Based on model 1, marginal effect of -0.069 means that for each one-unit increase in religious level, the predicted probability of having an affair decreases by approximately 0.0686 units, ceteris paribus. When including individual demographics in model 2, the average marginal effect decreases to -0.083, which indicates that the inclusion of individual demographics has strengthened the relationship between “how religious” and the likelihood of having an affair. Finally, in model 3, the average marginal effect goes back to a value close to the original estimate in model, which suggests that the inclusion of individual demographics combined with marriage-related variables as controls did not significantly alter the relationship between women’s religious level and the likelihood of having an affair.
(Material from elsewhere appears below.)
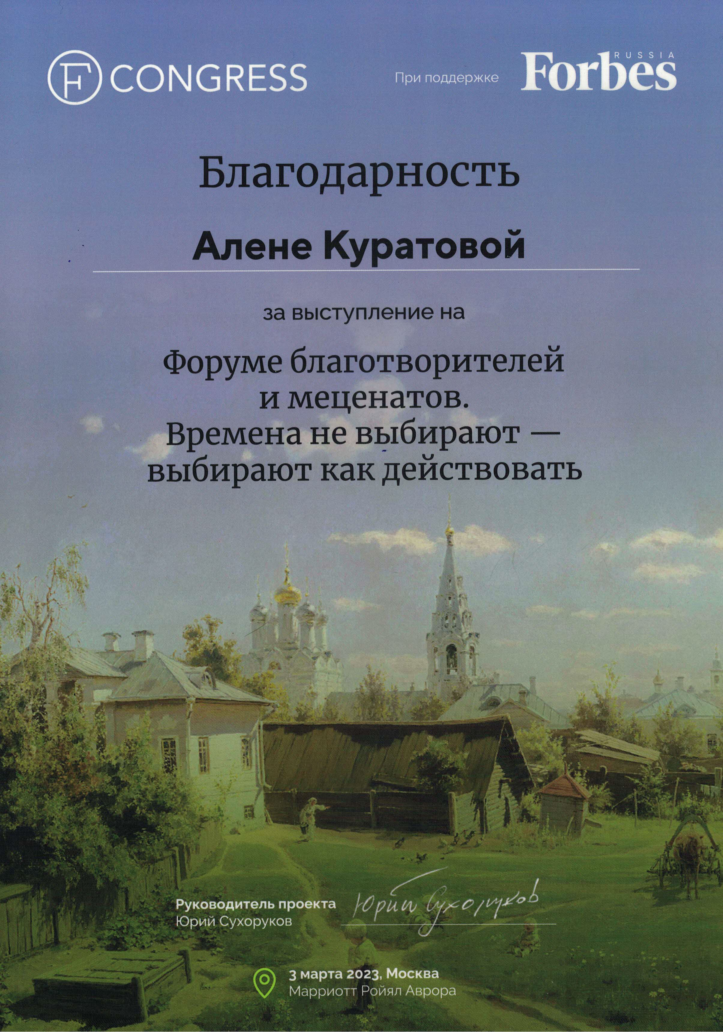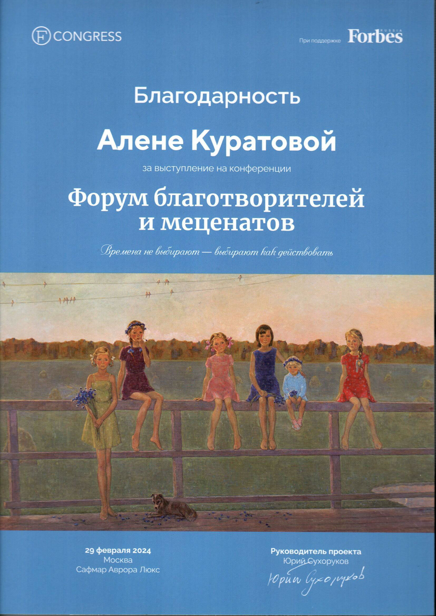 Благодарность Алёне Куратовой за выступление на Форуме Благотворителей и меценатов "Времена не выбирают - выбирают как действовать"

This result implies that religious level remains a relevant and influential factor in explaining the probability of having an affair, even after accounting for the effects of individual demographics and other marriage-related variables.
| Variables | Model 1 | Model 2 | Model 3 |
|---|---|---|---|
| Religiosity | -0.069 | -0.083 | -0.069 |
| Age | n/a | 0.005 | 0.0034 |
| Number of Children | n/a | 0.041 | 0.034 |
| Marriage Satisfaction | n/a | n/a | -0.13 |
| Occupation: Professional | n/a | -0.025 | -0.02 |
| Occupation: Skilled | n/a | -0.139 | -0.128 |
| Occupation: Student | n/a | -0.215 | -0.195 |
| Occupation: White Collar | n/a | -0.053 | -0.129 |
Finally, based on the above marginal effects for model 3, we can observe that the variable occupation skilled, student and white collar have the largest marginal effects. This implies that women in the sample who are skilled, a student or white collard are more convincing on having an affair.
The following paper provides evidence that being more religious decreases women’s likelihood of having an extramarital affair. The negative coefficient -0.371 gives us the shape of the S-curve, and the negative average marginal effect result of -0.069 demonstrates the overall effect of being religious on the probability having an extramarital affair.